2. Objetivos específicos
- Realizar acolhimento qualificado dos beneficiários, promovendo orientação e acompanhamento ao público recebido do CRAS, do CREAS e por iniciativa do próprio usuário, assegurando acesso aos serviços socioassistenciais, atendimento integral e acompanhamento contínuo.
- Garantir o acompanhamento sistemático dos beneficiários por meio da articulação com a rede pública, evitando a fragmentação das ações e assegurando a continuidade do atendimento.
- Articular ações com políticas públicas e privadas voltadas ao mundo do trabalho, conectando os beneficiários a oportunidades de qualificação profissional, empreendedorismo, empregabilidade e inclusão produtiva.
- Estabelecer parcerias intersetoriais com áreas como educação, saúde, trabalho e políticas para pessoas com deficiência.
- Promover o mapeamento de oportunidades de trabalho, incluindo busca ativa, encaminhamento para cursos, divulgação de vagas e apoio à inserção e permanência no emprego.
- Fortalecer vínculos familiares e comunitários, promovendo espaços de escuta, identificação de necessidades e desenvolvimento de habilidades sociais e profissionais.
- Desenvolver ações específicas para pessoas com deficiência, especialmente com transtorno do espectro autista, deficiência intelectual ou mental, garantindo acompanhamento individualizado, autonomia e inclusão produtiva.
- Promover a autonomia, a consciência crítica e a participação social, assegurando acesso a informações sobre direitos e deveres no mundo do trabalho.
- Garantir acessibilidade nas ações do serviço, identificando e eliminando barreiras físicas, comunicacionais e atitudinais.
- Oferecer apoio aos beneficiários e seus núcleos familiares, reduzindo barreiras e potencializando habilidades para a autonomia na vida diária e a inserção no trabalho.
- Promover ações de inclusão produtiva, com foco na autonomia, na superação de vulnerabilidades sociais e na permanência no mundo do trabalho.
- Articular-se com o CRAS e o CREAS, facilitando o acesso a cursos de qualificação profissional e o encaminhamento para oportunidades de emprego.
- Promover a empregabilidade de pessoas com deficiência por meio da articulação com instituições parceiras que formalizam contratos de trabalho.
3. Público-alvo e capacidade
Pessoas de 18 a 59 anos, prioritariamente com deficiência, e seu núcleo familiar, em situação de vulnerabilidade social, com vínculos familiares e comunitários fragilizados ou em risco de isolamento social, que acessam o serviço por iniciativa própria ou por encaminhamento do CRAS ou do CREAS de referência da instituição.
A capacidade operacional de atendimento está prevista nas atividades oferecidas de forma gratuita, planejada e contínua em cada ação.
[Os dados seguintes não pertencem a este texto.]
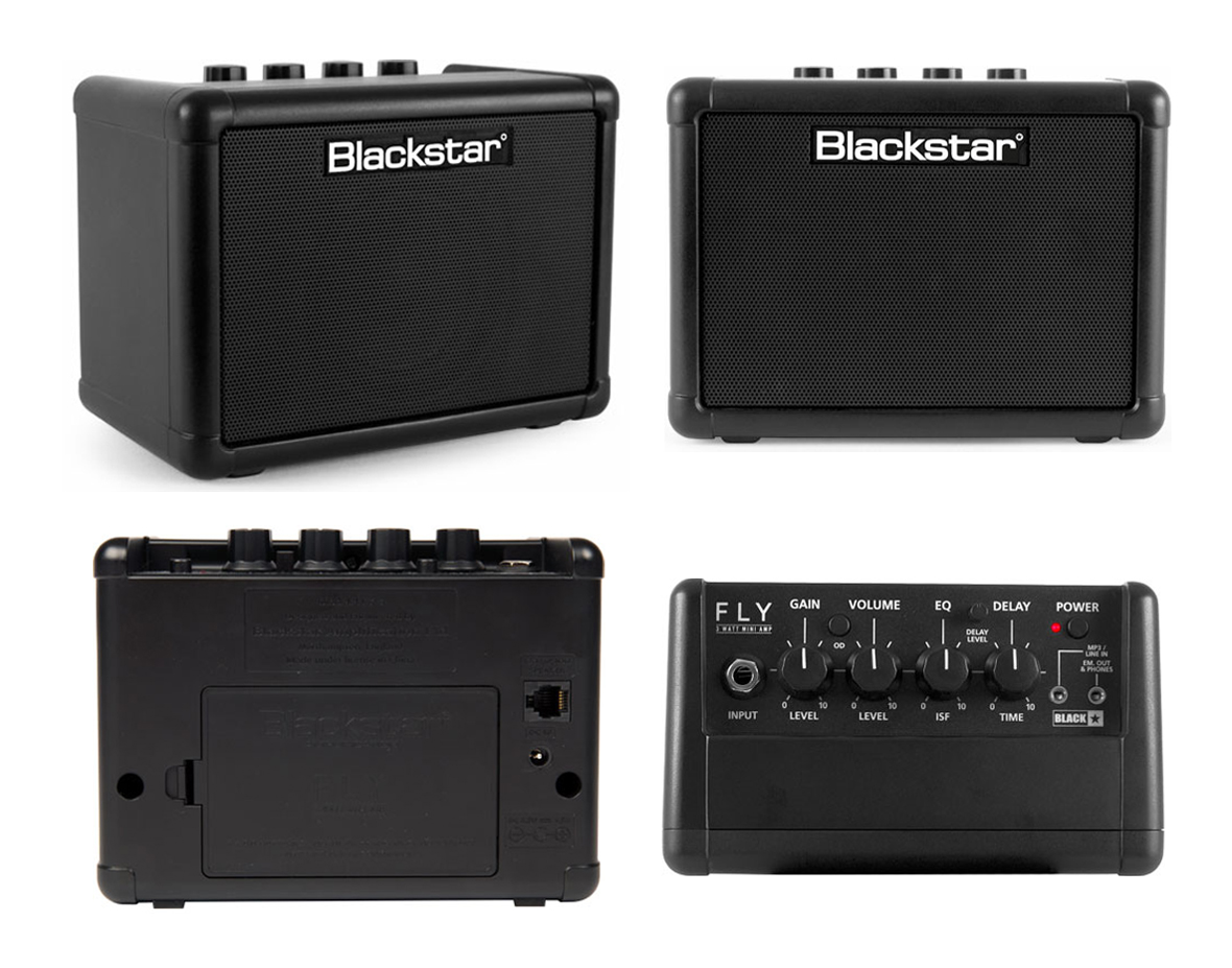 Blackstar Fly 3 mini combo-forstærker på 3 watt med 1 x 3" højttaler, 2 kanaler, tape delay effekter, MP3/Line in. Kan også køre på batterier.
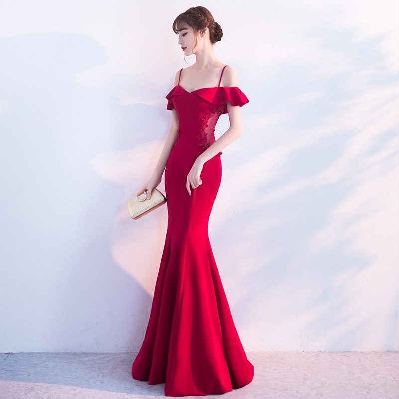 • 红色新娘敬酒服2017结婚新款一字肩鱼尾晚礼服女性感修身显瘦
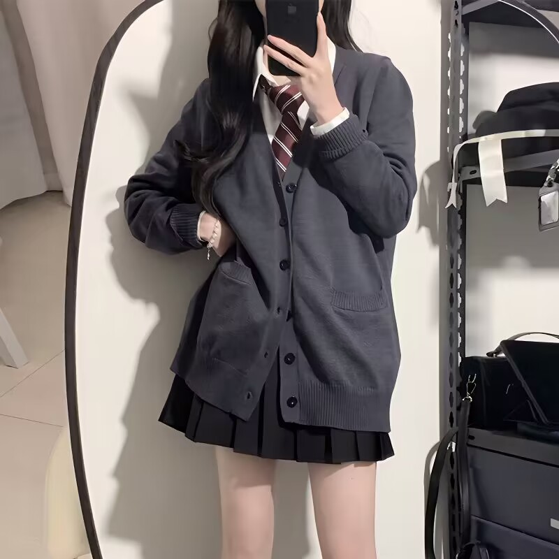 [Set Tiga Potong] Kardigan Rajutan Kerah V Elegan Modis Gaya Kampus Kemeja Wanita Rok Pendek Setengah Badan Siswa
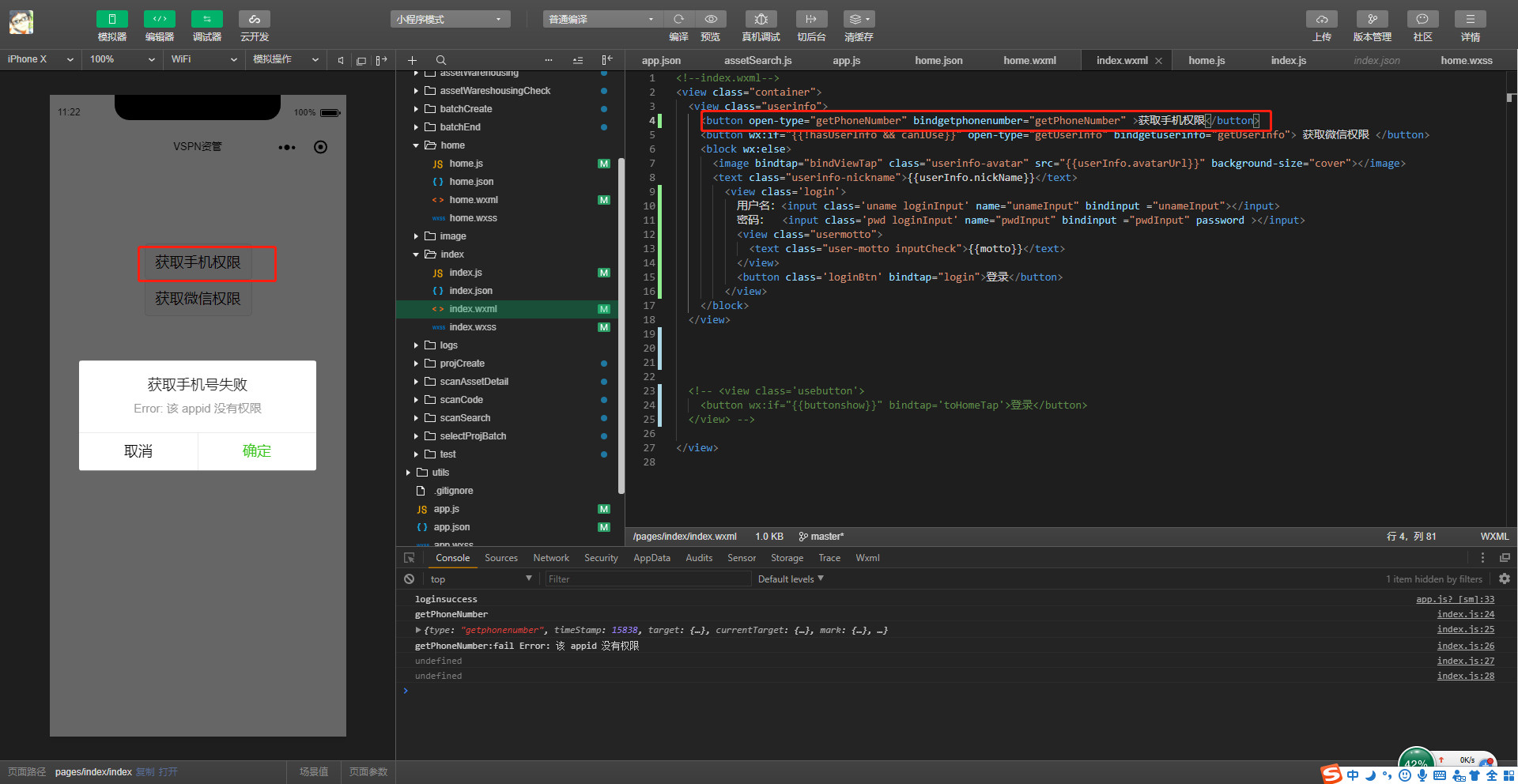 3、我利用button调用getPhoneNumber还是提示没有权限
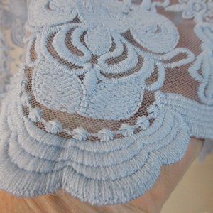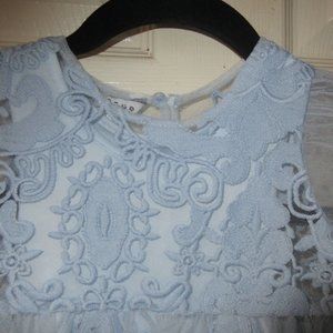 A very pretty blue lace dress with a cute bottom of the dress.Pullover dress with a single button closure. Lined in a soft blue stretchy fabric. Sleeveless with a little tulle cap sleeve. Size 2T. Very gently used and in like new condition. It was recently dry cleaned after a single use.
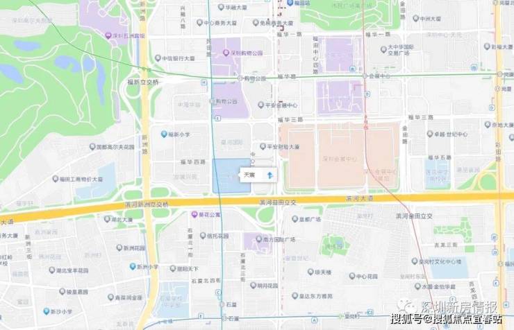 项目位于福田中心片区,滨河大道和民田路交汇处东北侧,距离购物公园站约500米。
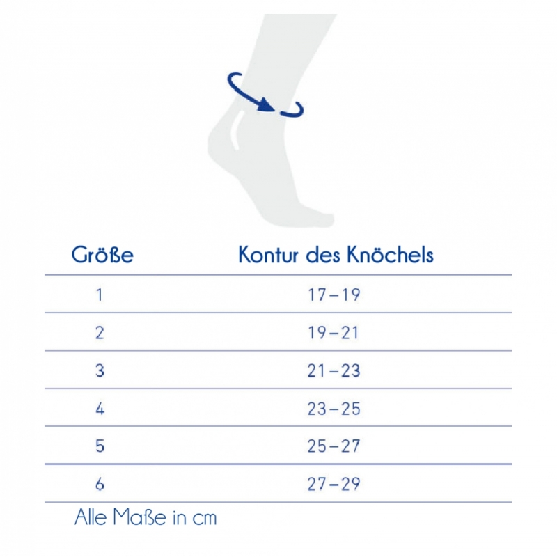 Die Größe bezieht sich auf den Knöchelumfang in Zentimetern.

Os números de cada uma estão detalhados na seção seguinte.
4. As oito ações
O serviço se organiza em oito ações complementares. Clique em cada uma para ver a capacidade de atendimento e as metodologias de elaboração e de execução.
Ação 1 Referenciamento Socioassistencial
Capacidade de atendimento
- Cadastro eletrônico socioassistencial: sem limite de atendimento.
- Análise do cadastro social: até 10 por semana — estimativa de 400 ao ano.
- Acolhimento presencial: até 5 por semana — estimativa de 200 ao ano.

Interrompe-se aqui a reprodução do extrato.